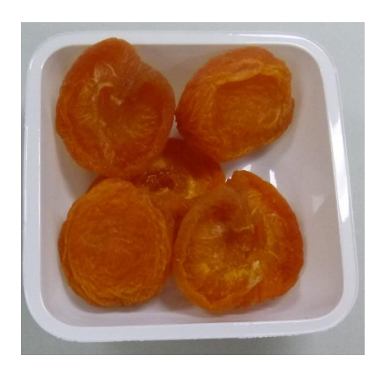
Dried halves of RiverCot 1 2016

The Tree: RiverCot 1 is a vigorous, moderately spreading, spur bearing tree. It benefits from an increase in the number of leaders (5-6) to better fill space, spread vigour and control extension when grown in "free standing V" type systems. It appears well suited to pedestrian orchards planted at 4.5m by 2.5m spacing. While the frame of the tree is relatively upright, extension growth behind the terminal bud is often weeping giving the tree an unruly appearance, although it is quite easy to train and build fruiting structure. Trees should be kept open to help condition fruit and prevent pale shoulders.
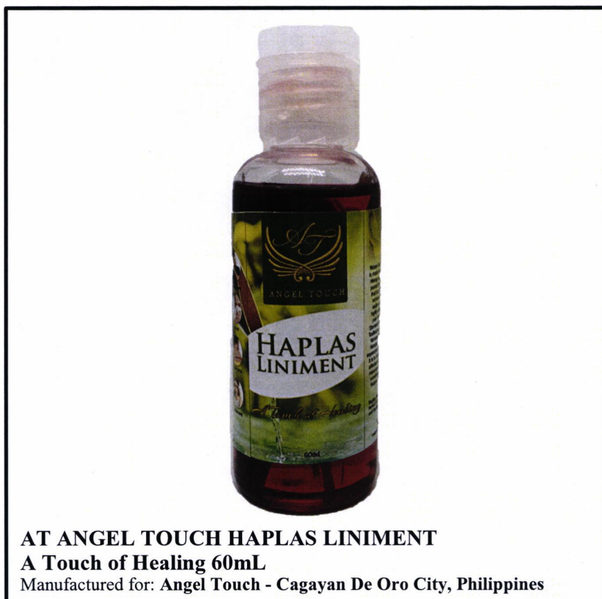
Figure 1. Unregistered drug product

The Food and Drug Administration (FDA) advises the public against the purchase and use of the following unregistered drug products:
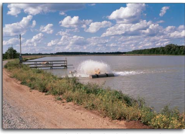
Aerators are activated only when dissolved oxygen is low.

In ponds, our systems typically monitor dissolved oxygen and temperature. Amps or RPMs can also be monitored on motors to aid in detecting aerator failures. Our wireless, buoy-based systems facilitate installation and maintenance by eliminating the costs and hassles of cable. In a pond monitoring system, a CR10X measurement and control unit (or other unit), housed in an environmental enclosure, measures sensors and controls aerators based on preset times or based on the concentration of dissolved oxygen, as measured by the sensors. Alarms are sent via pager, radio, or phone when oxygen levels reach preset danger levels or when amp or RPM sensors indicate aerator failure. PondView software allows you to view and control the status of your entire operation from your home or office.
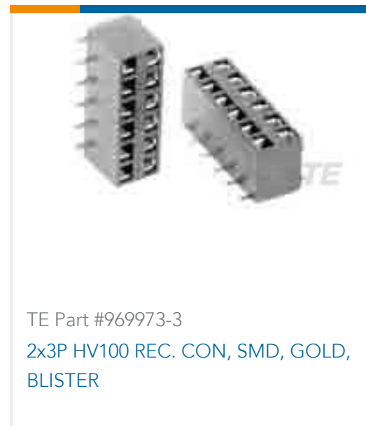
TE Part #969973-3 2x3P HV100 REC. CON, SMD, GOLD, BLISTER
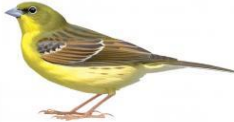
YELLOW BUNTING - CMS II
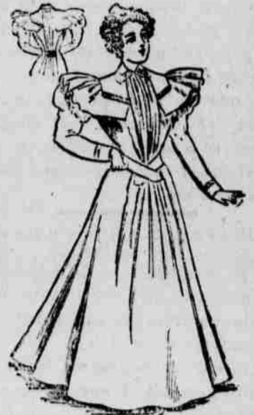
Our celebrated $1 wrapper, made as style illustrated and can be had in blue, black and white, feathered braid, fitted lining. $1.00 correct widths.
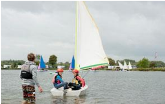
12 acre lake
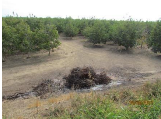
View of prunings at landside levee toe.
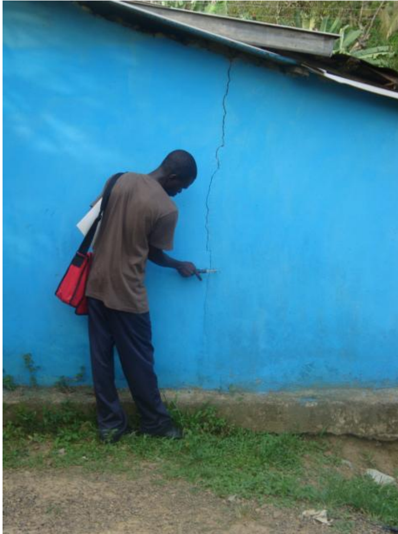
Fig 1 Crack on a Wattle and Daub Building

Crack Description: Near vertical crack extending from the peak of the gable to the foundation of the structure (Fig 1)
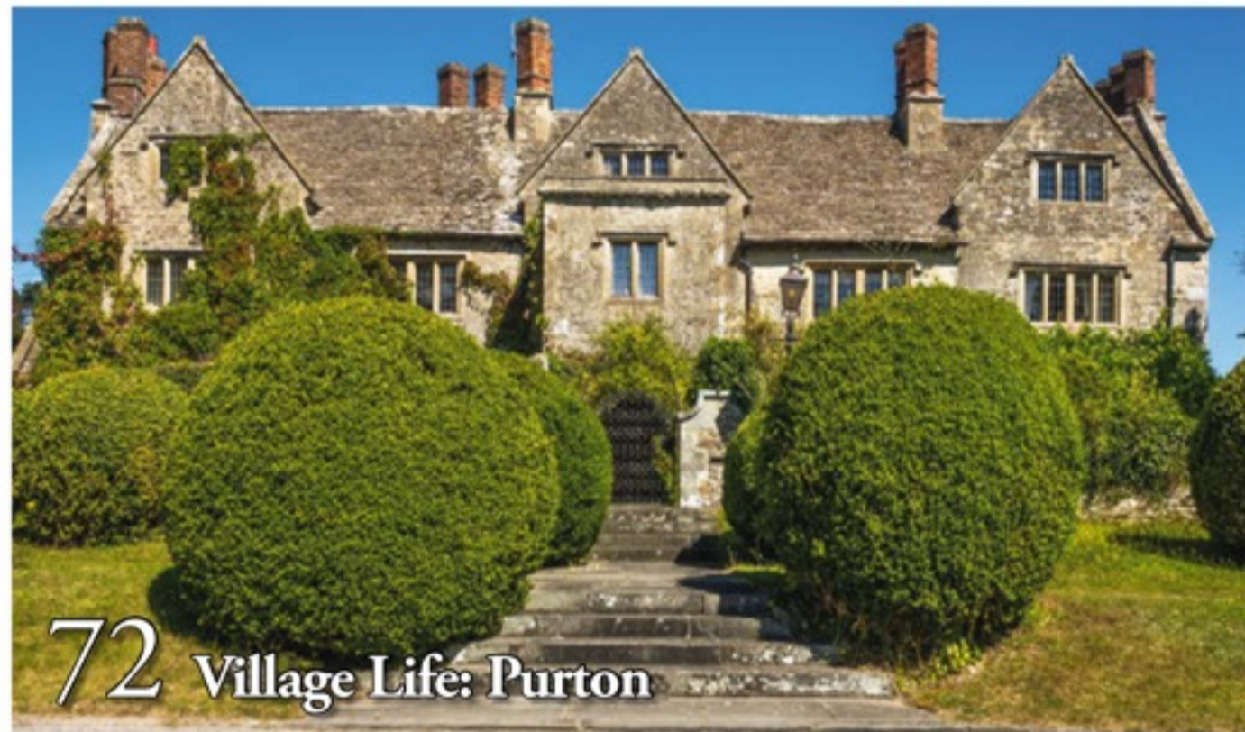
72 Village Life: Purton
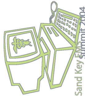
Exhibit Space Information & Fees

Exhibiting organizations assume full responsibility for their professional/personal property and obtaining insurance to protect against lost or stolen items.
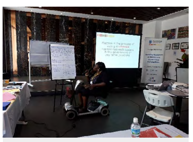
Presentation of group work on the importance of elections.

In the last week of April, the project funded a three-day Building Resources in Democracy, Governance and Elections (BRIDGE) workshop on Introduction to Electoral Administration aimed at enhancing the electoral awareness of the AVETOs and members of Disabled Persons Organizations in Sierra Leone. This activity is in line with the project outcome to develop the capacities of the electoral stakeholders, in particular persons living with disability (PWD).
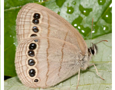
27 Little Wood Satyr Megisto cymela

COMMON WOOD NYMPH: two large eye spots on forewing. Small dots in a row on hindwing. Found in open habitats. Host plants: Grasses (Poaceae).
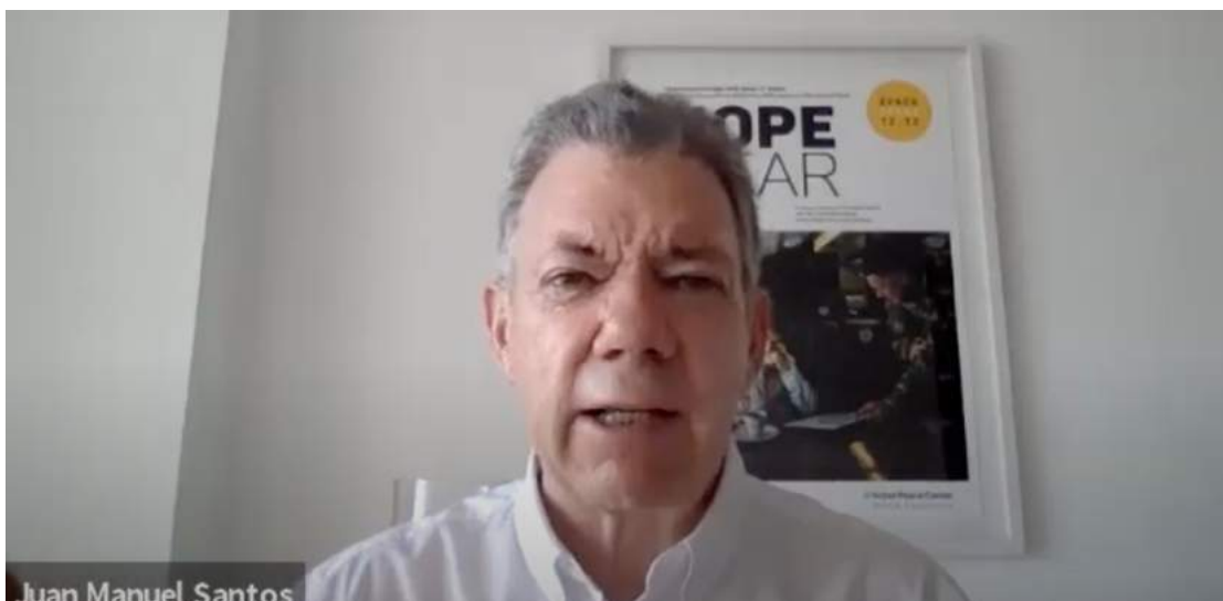
Juan Manuel Santos

to-day process. Second, Mr. Santos leveraged his military background and connections to bring Colombian military leaders into the process, convincing them that this process and the potential for peace was the product of their fighting, and bringing in two high-level generals to join the negotiating team. He later noted that having a military background is not a prerequisite for gaining the trust of the military, but that they must be brought into the process and respect it. Third, drawing on the importance of regional support for the success of the peace process, Mr. Santos was able to request leaders such as Hugo Chavez to call FARC leaders in order to nudge the process forward. Additionally, the presence of the US Special Envoy and Europe’s
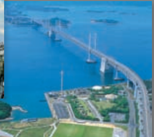
1988 Honshu-Shikoku Bridge
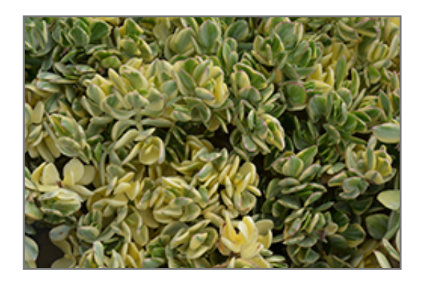
Variegated Jade Plant foliage

Variegated Jade Plant is a multi-stemmed evergreen shrub with an upright spreading habit of growth. Its average texture blends into the landscape, but can be balanced by one or two finer or coarser trees or shrubs for an effective composition.
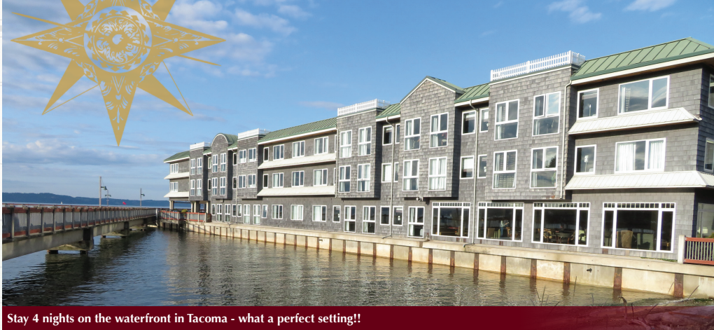
Stay 4 nights on the waterfront in Tacoma - what a perfect setting!!
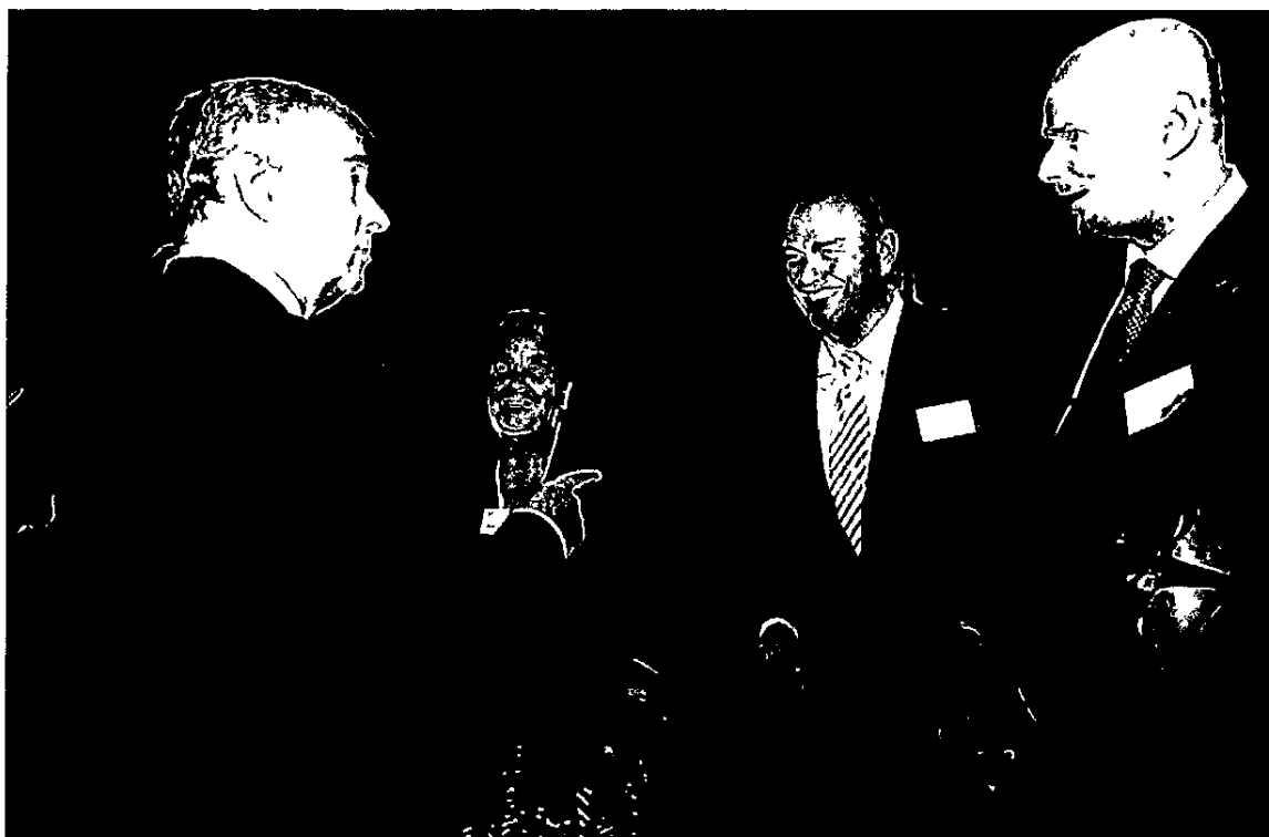
Duke of York Community Initiative Award 2012

We have been recognised as an award winning organisation, both locally and nationally. In 2012 we were reassessed for Investor in People which we have had since 2009. The icing on the cake was to be awarded the much coveted Duke of York Community Award 2012 being the only organisation in Barnsley to win such an award in 2012 was down to everybody's hard work.
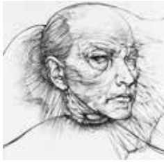
Hans Bellmer Self-Portrait , 1969 drypoint 65 x 49,5 cm edition of 70
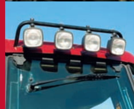
DEALER INSTALLED ACCESSORIES
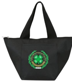
#3 - Zipper Lunch Bag
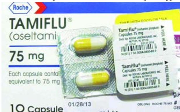
Four capsules of Tamiflu are pictured on a Tamiflu box in Burbank, California, on 31 Jan, 2013.
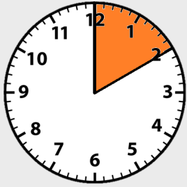
10 minutes a day
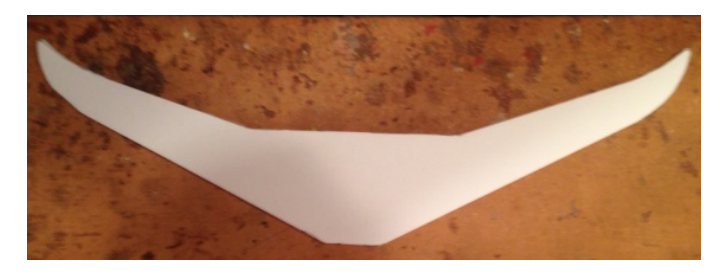
The wing planform cut out of foam board

I created a piece of foam board that the entire physical wing would fit onto. I measured and weighed that piece of foam board. My original piece was 24" by 10" for 240 sq.in. of surface area. It weighed 44.4 grams.
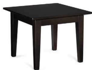
3374-W End Table with wood top.
========
TASK INSTRUCTIONS:
From the line that contains "#3 - Zipper Lunch Bag" down to the last line of the entries above, copy every line exactly and leave out the pictures.

EXPECTED OUTPUT:
#3 - Zipper Lunch Bag
Four capsules of Tamiflu are pictured on a Tamiflu box in Burbank, California, on 31 Jan, 2013.
10 minutes a day
The wing planform cut out of foam board

I created a piece of foam board that the entire physical wing would fit onto. I measured and weighed that piece of foam board. My original piece was 24" by 10" for 240 sq.in. of surface area. It weighed 44.4 grams.
3374-W End Table with wood top.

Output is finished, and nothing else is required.